David Laws, not a stranger to controversy and the odd political resignation himself, was revealing in his article on the topic: ..”you cannot be a leader of a liberal party while holding fundamentally illiberal and prejudiced views". Never mind Farron’s voting record and tireless party work. Laws continued that the LD election campaign had been “undermined by the outdated opinions and views which Tim clearly holds”. It appears from this article that Mr Laws thinks that even if I accept that the law should treat he and I equally, I am not entitled to even think (let alone argue) that he or anyone else is immoral on the basis of my “outdated” and “irrational” beliefs. Exactly which methods should be used to expose my beliefs (if I should I keep them to myself) or to what extent I should be penalised for believing stuff he finds offensive, or whether I should be coerced to think differently – all this remains unsaid and unclear. Re-education camps perhaps? Sounds a bit illiberal to me.
The open and tolerant society that allowed campaigners to overturn the consensus view on legislation relating to issues like homosexuality and abortion was rooted in and shaped by a Biblically informed world view. It appears as society moves ever further away from this, I’m not even to be allowed to think differently from the new consensus, never mind to debate or campaign for change in a different direction. Liberalism apparently has its limits.

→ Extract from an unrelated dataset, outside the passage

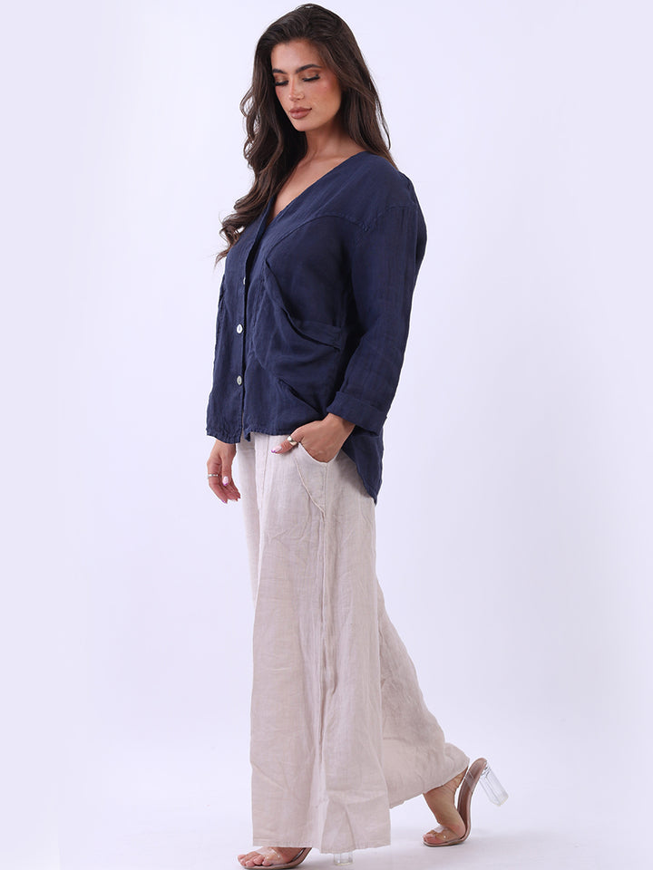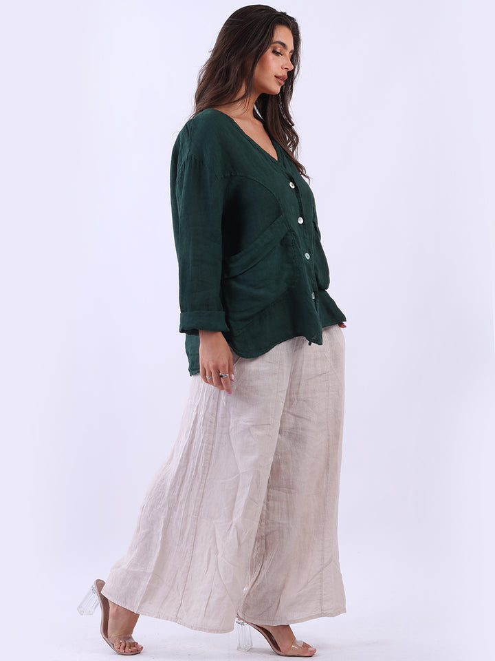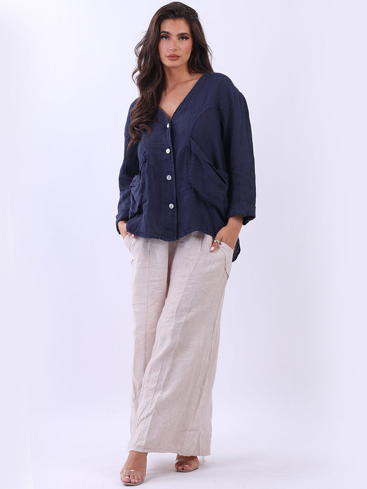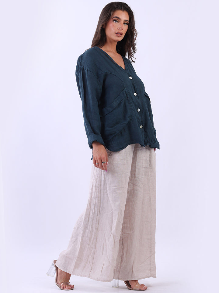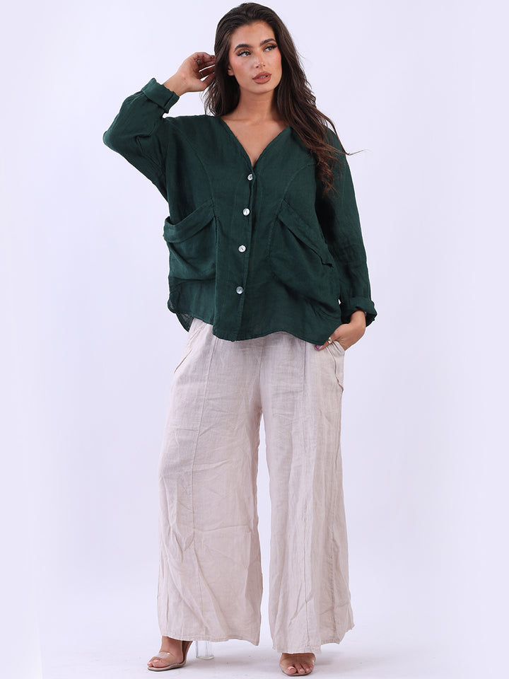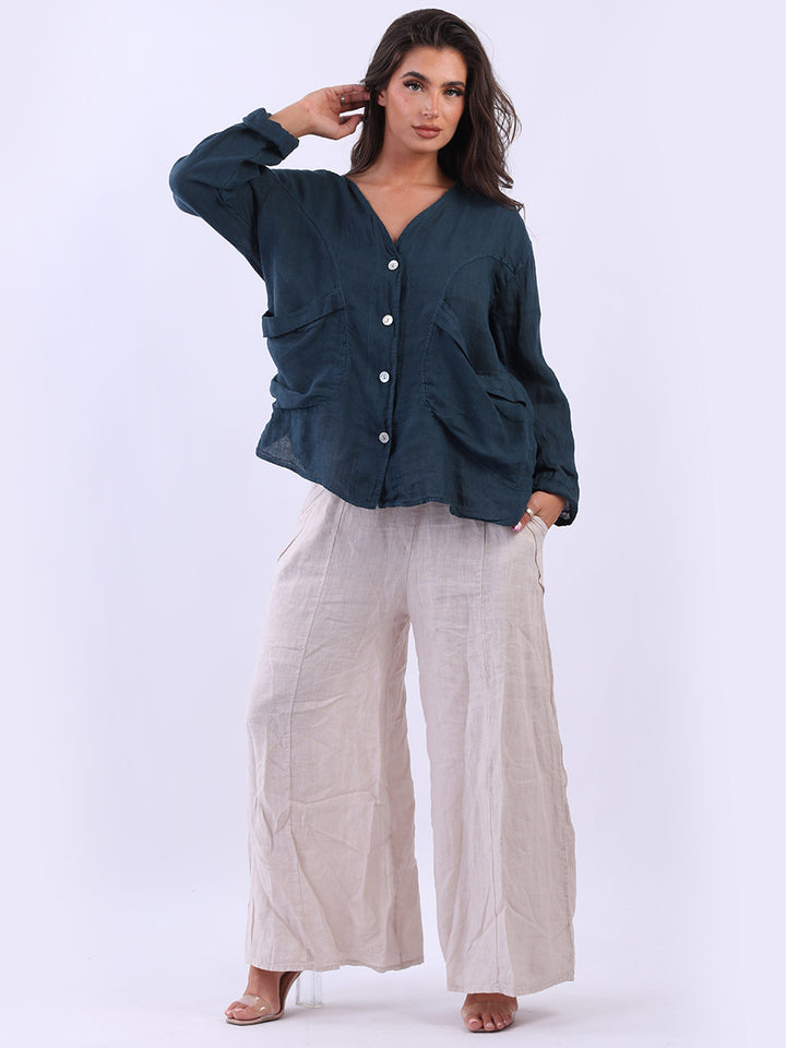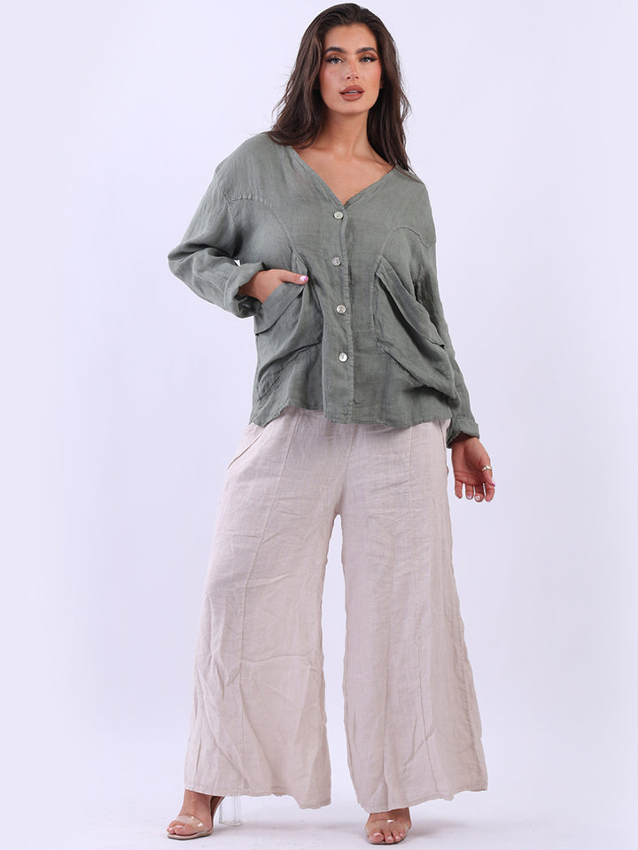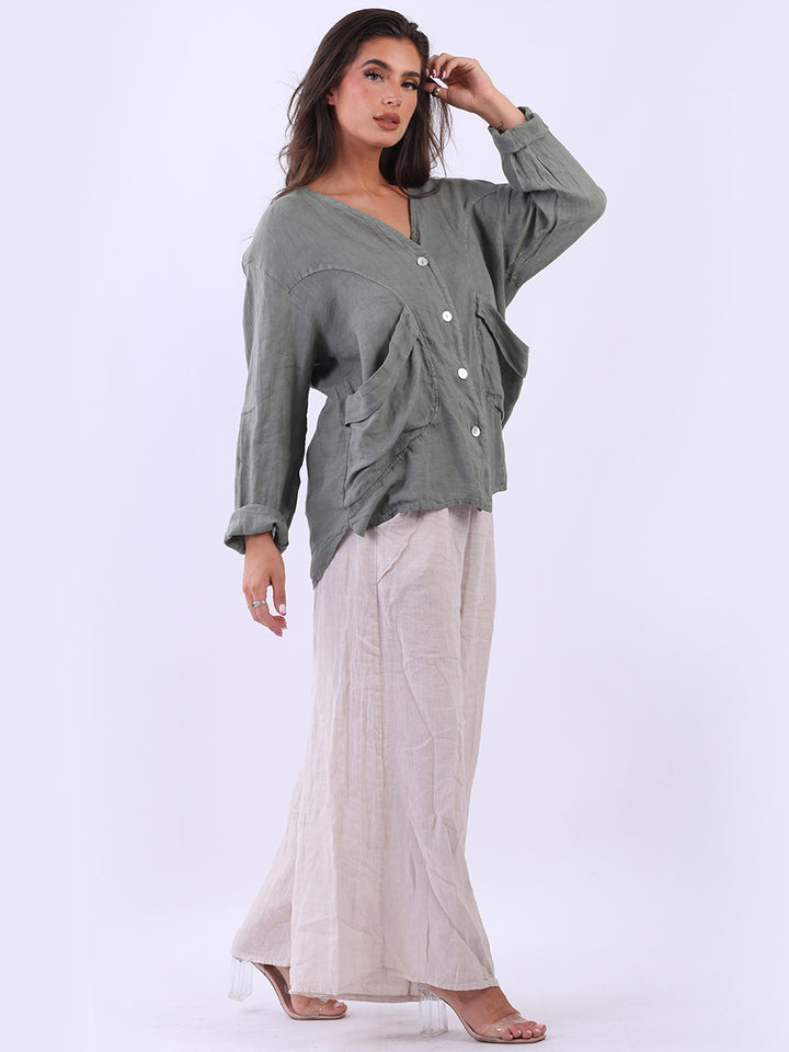 High class with touch of comfort that is classy and iconic. Made in Italy with finest soft linen that is recommended for all body types, plunging V neckline with front button detailing and pockets. Long rolled up sleeves and earthy tones makes it ideal for every day dressing right.
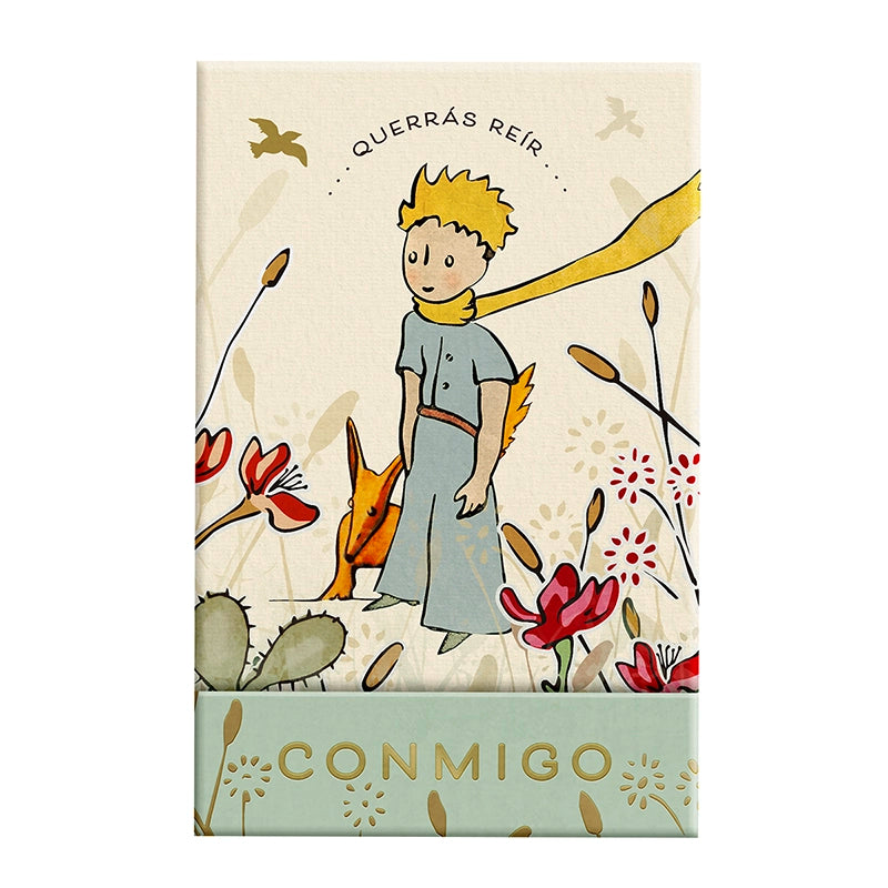 Encantadora libreta de tapa dura con diseño inspirado en El Principito. Su portada con detalles en folia le da un toque elegante y distintivo.

So much about politics, political leadership and illiberalism. But occasionally, I hear the question asked: is it possible to be a Christian and a scientist? After all, to be a Christian one has to be irrational. You have to believe stuff against reason, or at least not think too carefully about it. There are irrational beliefs (ie beliefs held either without evidence or in the teeth of evidence). But I am a Christian because having weighed the evidence and found it compelling, I have responded to it. Or not so much responded to it, but to Him. Because Christianity is at root a relationship with a person, not an information processing exercise. And having become a Christian, everything (including reason) is involved in being a Christian. And being a Christian, one exciting way of understanding the world around me, is to use the methods of science. In doing that, all I am doing is further exploring what ultimately God has done and is doing. Where others assert conflict, I find that these are more apparent than real. No choice between science and scripture is necessary. In happily being a Christian and a scientist, I’m doing nothing new, and I'm not alone. I’m following in a long and distinguished line.